TASK GOAL: This exercise calls for the data below to be retyped exactly, minus any images.

LISTED ENTRIES Start Marker

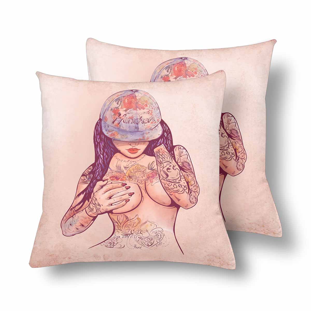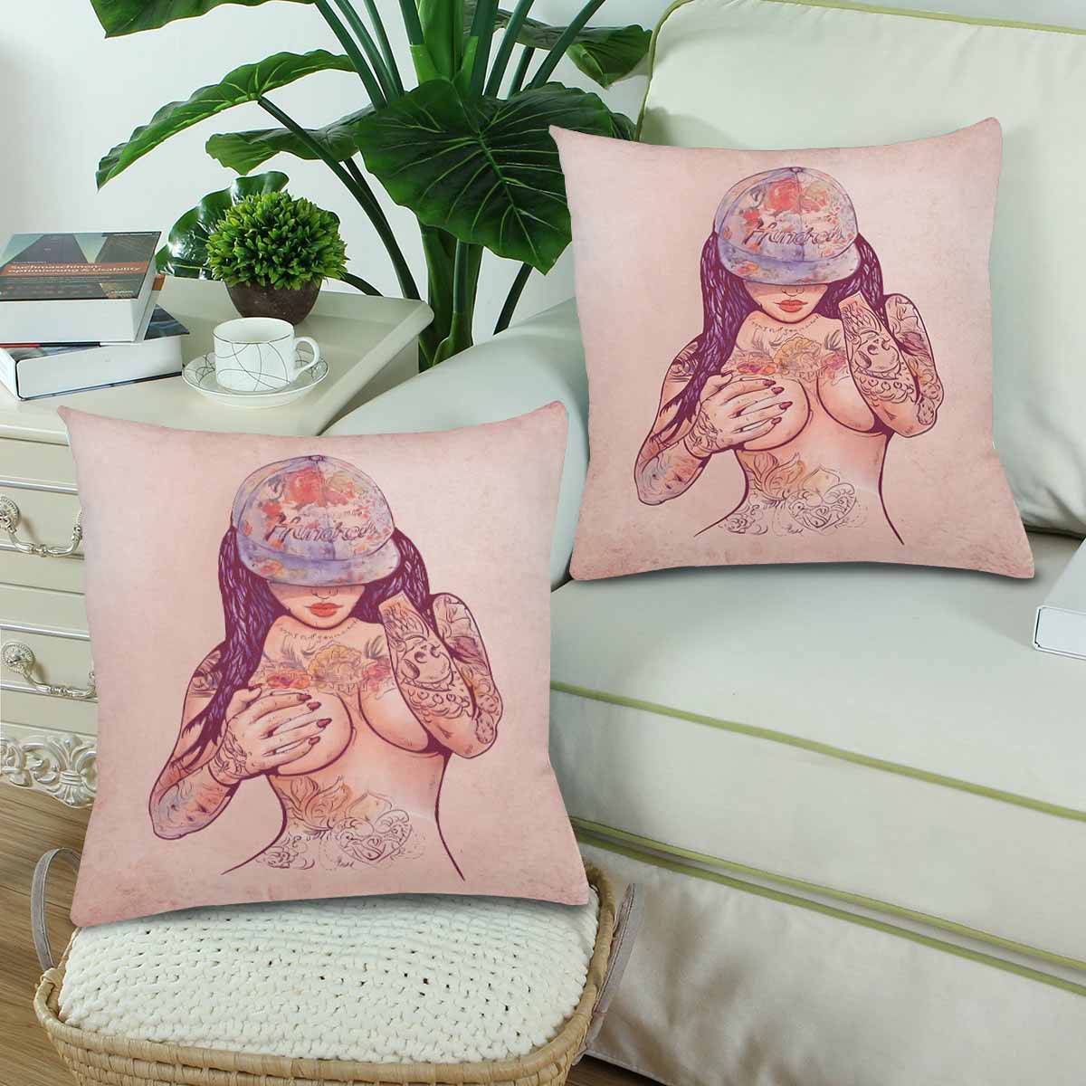 Vintage themed Pillow Cases printed with Casual girl in a cap and tattoos
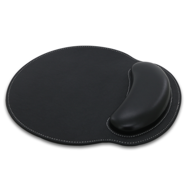 • Détails : Tapis de souris en similicuir noir avec repose-poignet ergonomique et bords cousus
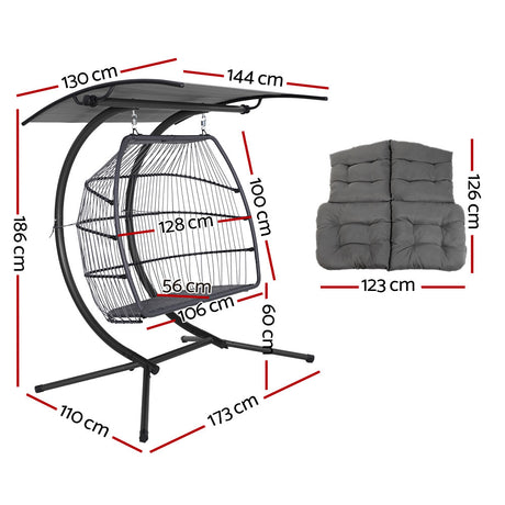 Gardeon Outdoor Egg Swing Chair Wicker Furniture Pod Stand Canopy 2 Seater Grey
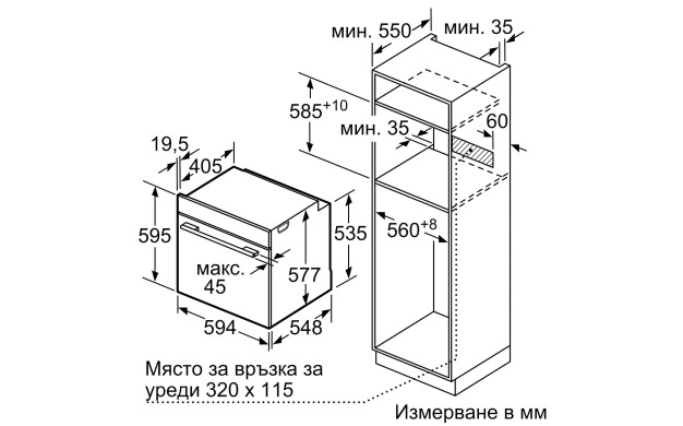 • Размери на нишата (В x Ш x Д): 560 мм – 568 мм x 585 мм – 595 мм x 550 мм
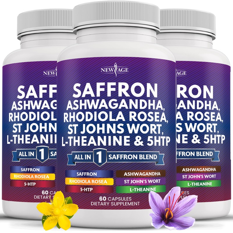 NEW AGE Saffron Supplements with Ashwagandha - Support with L-Theanine, Ginkgo Biloba, St. John's Wort, Rhodiola Rosea & 5-HTP - Saffron 180 Count
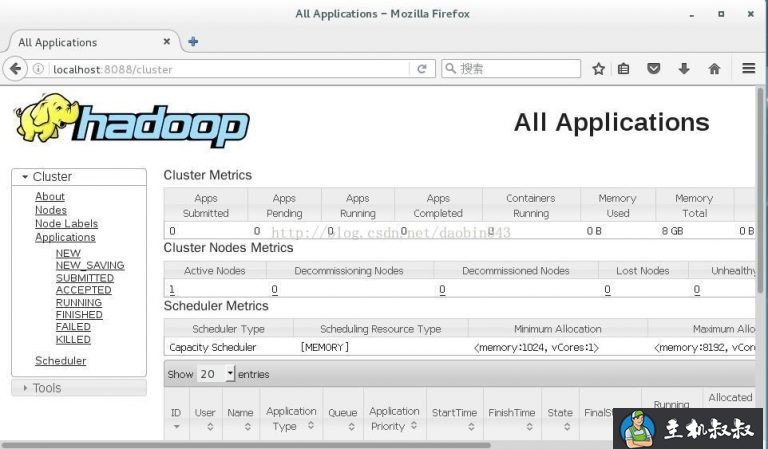 打开浏览器访问http://localhost:8088,验证yarn是否配置成功
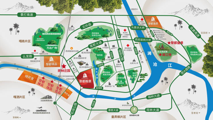 2021年入主西双版纳,四载精耕,相继开发澜江悦、雨林庄园、黎都盛景、黎都壹品、黎都瑞品、黎都臻品六大品质项目,首创“提前交房并交证”,屡创热销佳绩,成就版纳楼市标杆。
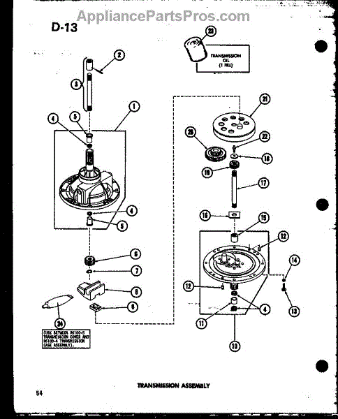Parts for Amana TAA800/P75751-7W: Transmission Assembly (Taa400 / P75751-5W) (Taa600 / P75751-6W) (Taa800 / P75751-7W) (Taa400 / P75751-2W) (Taa600 / P75751-1W) (Taa800 / P75751-3W) Parts

LISTED ENTRIES End Marker

ANSWER FOR THIS EXERCISE:
 Vintage themed Pillow Cases printed with Casual girl in a cap and tattoos
 • Détails : Tapis de souris en similicuir noir avec repose-poignet ergonomique et bords cousus
 Gardeon Outdoor Egg Swing Chair Wicker Furniture Pod Stand Canopy 2 Seater Grey
 • Размери на нишата (В x Ш x Д): 560 мм – 568 мм x 585 мм – 595 мм x 550 мм
 NEW AGE Saffron Supplements with Ashwagandha - Support with L-Theanine, Ginkgo Biloba, St. John's Wort, Rhodiola Rosea & 5-HTP - Saffron 180 Count
 打开浏览器访问http://localhost:8088,验证yarn是否配置成功
 2021年入主西双版纳,四载精耕,相继开发澜江悦、雨林庄园、黎都盛景、黎都壹品、黎都瑞品、黎都臻品六大品质项目,首创“提前交房并交证”,屡创热销佳绩,成就版纳楼市标杆。
Parts for Amana TAA800/P75751-7W: Transmission Assembly (Taa400 / P75751-5W) (Taa600 / P75751-6W) (Taa800 / P75751-7W) (Taa400 / P75751-2W) (Taa600 / P75751-1W) (Taa800 / P75751-3W) Parts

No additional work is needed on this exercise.